- [Data below]
_ _ _ _ _

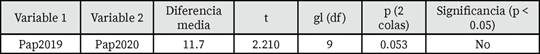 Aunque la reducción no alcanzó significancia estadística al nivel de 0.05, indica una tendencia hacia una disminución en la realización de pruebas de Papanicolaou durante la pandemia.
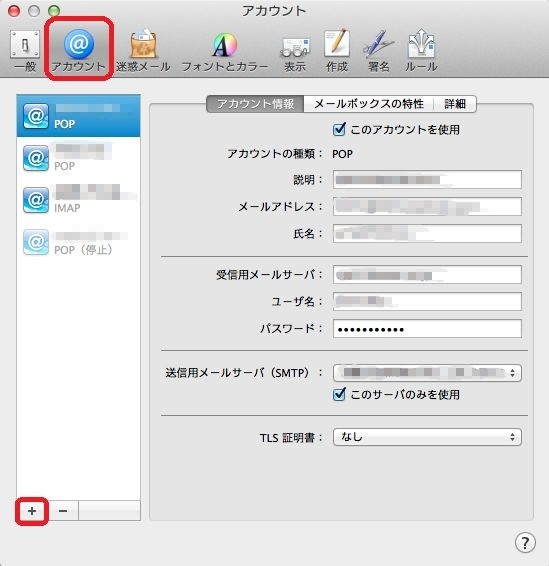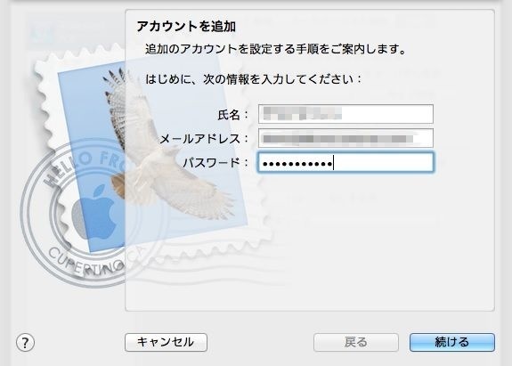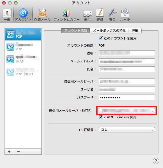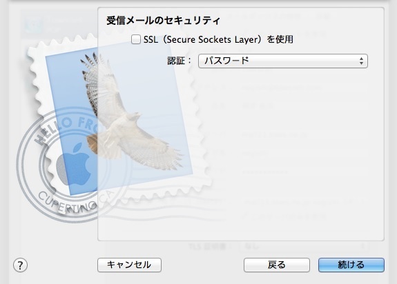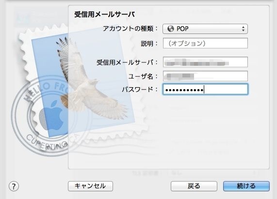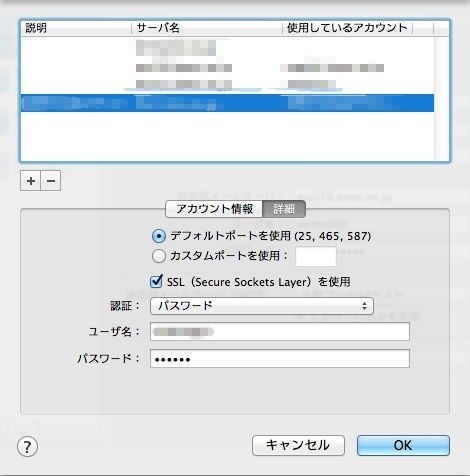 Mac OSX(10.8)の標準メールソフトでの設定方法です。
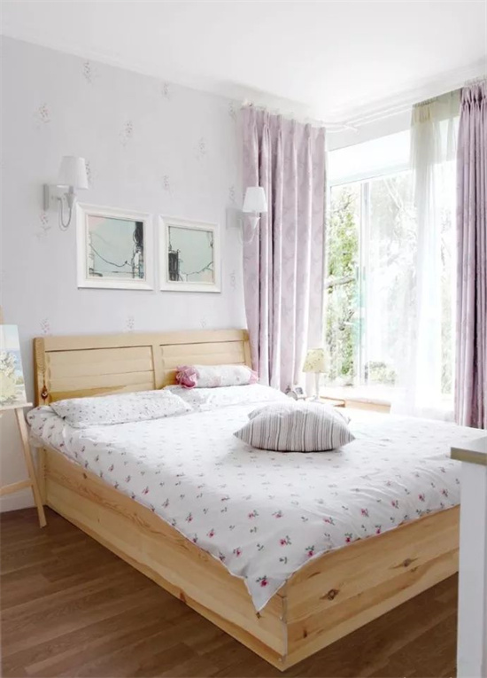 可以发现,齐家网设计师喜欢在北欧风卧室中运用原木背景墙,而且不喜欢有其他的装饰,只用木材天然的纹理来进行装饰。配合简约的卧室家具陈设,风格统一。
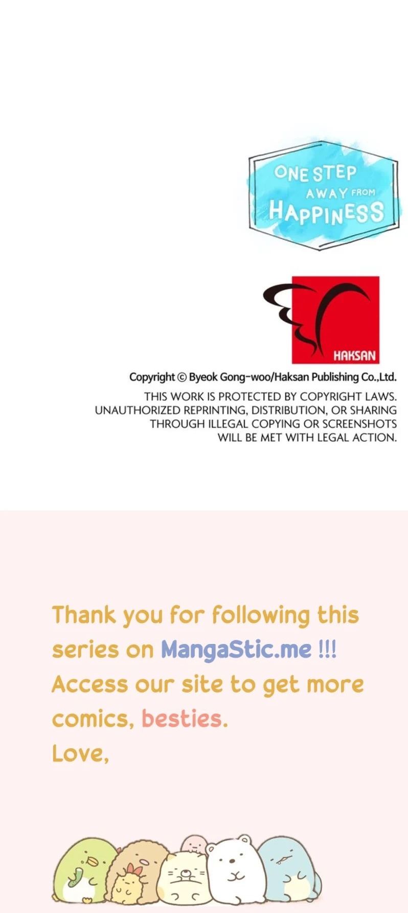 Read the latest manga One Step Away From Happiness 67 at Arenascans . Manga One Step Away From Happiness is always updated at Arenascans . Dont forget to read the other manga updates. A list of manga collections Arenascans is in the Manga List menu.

_ _ _ _ _

- [Exercise brief] Retyping is limited to the line with "可以发现,齐家网设计师喜欢在" and the lines after it in the material above; give them exactly and leave out the pictures.

- [Written response]
 可以发现,齐家网设计师喜欢在北欧风卧室中运用原木背景墙,而且不喜欢有其他的装饰,只用木材天然的纹理来进行装饰。配合简约的卧室家具陈设,风格统一。
 Read the latest manga One Step Away From Happiness 67 at Arenascans . Manga One Step Away From Happiness is always updated at Arenascans . Dont forget to read the other manga updates. A list of manga collections Arenascans is in the Manga List menu.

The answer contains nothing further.